Isso está incorreto e entende mal como os modelos funcionam. É uma maneira de subestimar a seriedade das futuras mudanças climáticas. Existe uma enorme variedade de modelos climáticos, desde aqueles voltados para mecanismos específicos, como o entendimento das nuvens, até modelos de circulação geral (GCMs), usados ​​para prever o clima futuro do nosso planeta.

tem mais de 20 grandes centros internacionais onde equipes de algumas das pessoas mais inteligentes do mundo criaram e executam GCMs contendo milhões de linhas de código, representando a mais recente compreensão do sistema climático. Esses modelos são testados continuamente em relação a dados históricos e paleoclimáticos, bem como a eventos climáticos individuais, como grandes erupções vulcânicas, para garantir a reconstrução do clima, o que é extremamente bom.

Modelo (preto) e faixa do modelo (cinza) em comparação com as temperaturas globais observadas. (Resumo do carbono / CC BY 4.0)Modelo (preto) e faixa do modelo (cinza) em comparação com as temperaturas globais observadas. (Resumo do Carbono/ CC BY 4.0)

Nenhum modelo único deve ser considerado correto, pois representa um sistema climático global muito complexo. Mas ter tantos modelos diferentes construídos e calibrados independentemente significa que podemos ter confiança quando os modelos concordam.

Tomar toda a gama de modelos climáticos sugere que uma duplicação de dióxido de carbono poderia aquecer o planeta 2˚C a 4.5˚C, com uma média de 3,1˚C. Todos os modelos mostram uma quantidade significativa de aquecimento quando é adicionado dióxido de carbono extra à atmosfera. A escala do aquecimento previsto permaneceu muito semelhante nos últimos 30 anos, apesar do enorme aumento na complexidade dos modelos, mostrando que é um resultado robusto da ciência.

Ao combinar todo o nosso conhecimento científico de fatores naturais (solares, vulcânicos, aerossóis e ozônio) e produzidos pelo homem (gases de efeito estufa e mudanças no uso da terra) que aquecem e esfriam, o clima mostra que 100% do aquecimento observado nos últimos 150 anos é devido a seres humanos.

Influências naturais e humanas nas temperaturas globais desde 1850. Carbon Brief, CC BYInfluências naturais e humanas nas temperaturas globais desde 1850. Resumo do Carbono, CC BY

Não há apoio científico para a negação contínua das mudanças climáticas. O Painel Intergovernamental sobre Mudança do Clima (IPCC), criado pelas Nações Unidas para resumir de forma aberta e transparente a ciência, fornece seis linhas claras de evidências para as mudanças climáticas.

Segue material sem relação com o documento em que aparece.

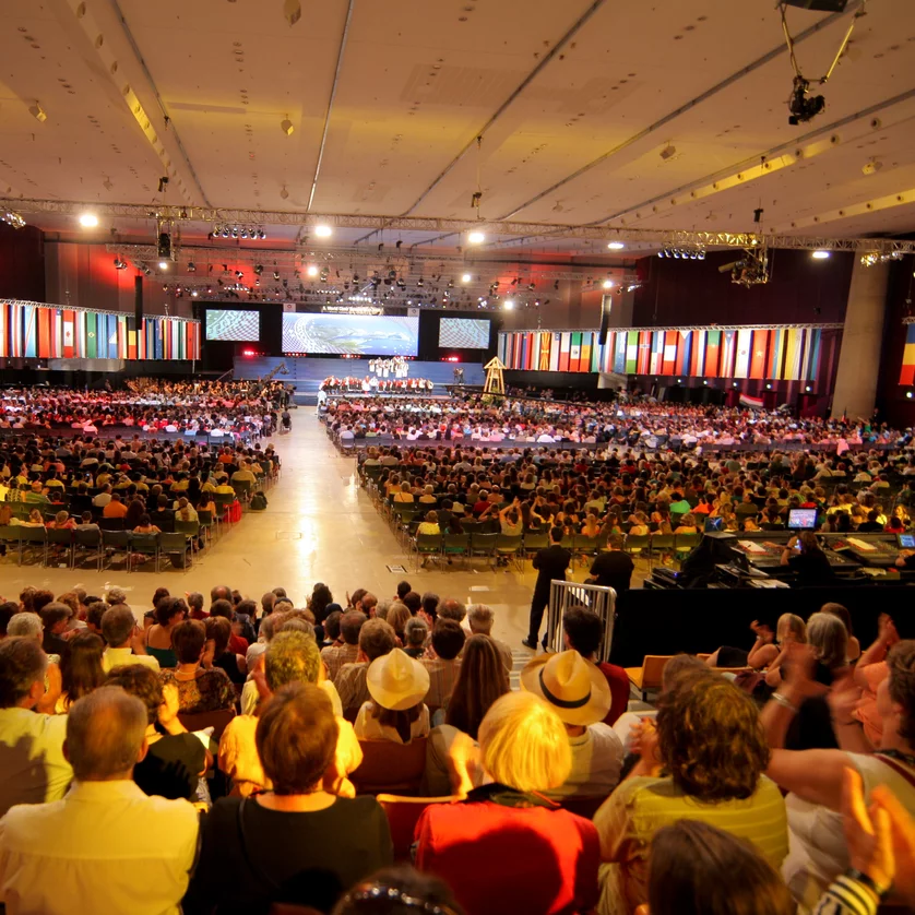 As the size of the hall can be divided by means of electronic curtains, it also lends itself to smaller events such as receptions and galas. The three foyers on the ground floor, extremely bright and airy, offer another 3000 sqm of usable space for various events.
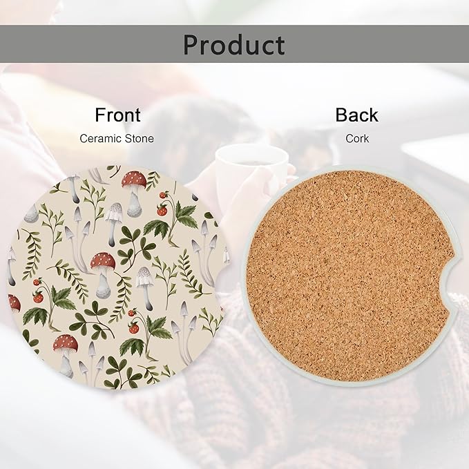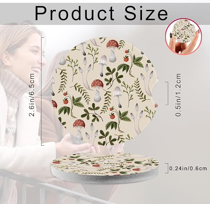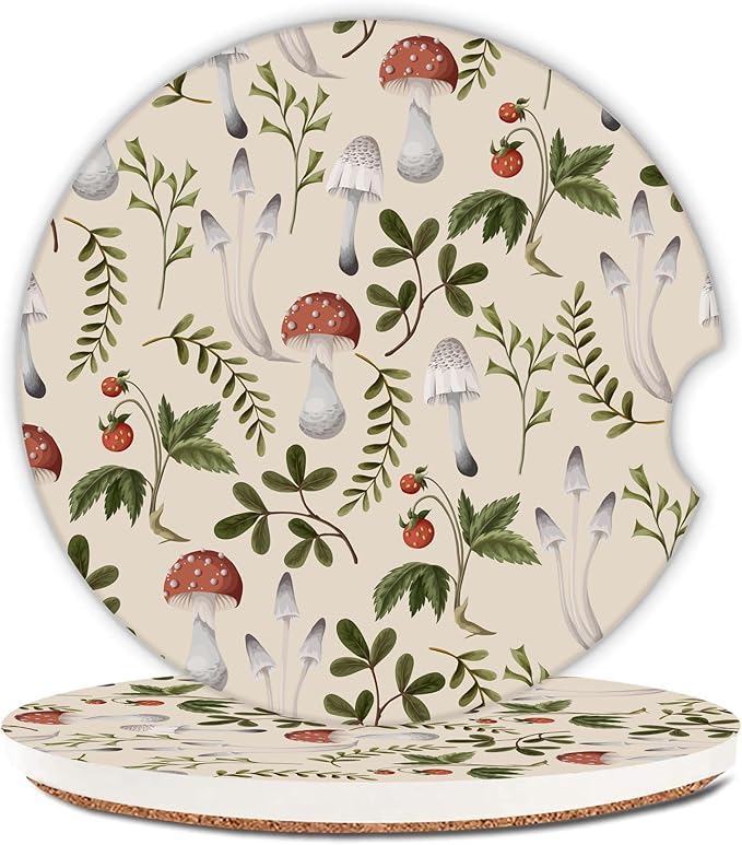 Vintage Mushroom Strawberry Car Coasters,Ceramic Absorbent Cup Holders with Finger Notch & Cork Base Car Assecories for Women/Men 2.6"(2 Pieces)

À medida que o clima extremo se torna cada vez mais comum, as pessoas percebem que não precisam de cientistas para lhes dizer que o clima está mudando – elas o estão vendo e experimentando em primeira mão.

A conversaMark Maslin, Professor de ciência do sistema terrestre, UCL.

Este artigo foi originalmente publicado na The Conversation. É republicado aqui como parte da parceria da ScienceAlert com Cobrindo o clima agora, uma colaboração global de mais de 250 agências de notícias para fortalecer a cobertura da história climática. Leia o artigo original.

Esta matéria foi traduzida e republicada. Clique aqui para acessar o site original.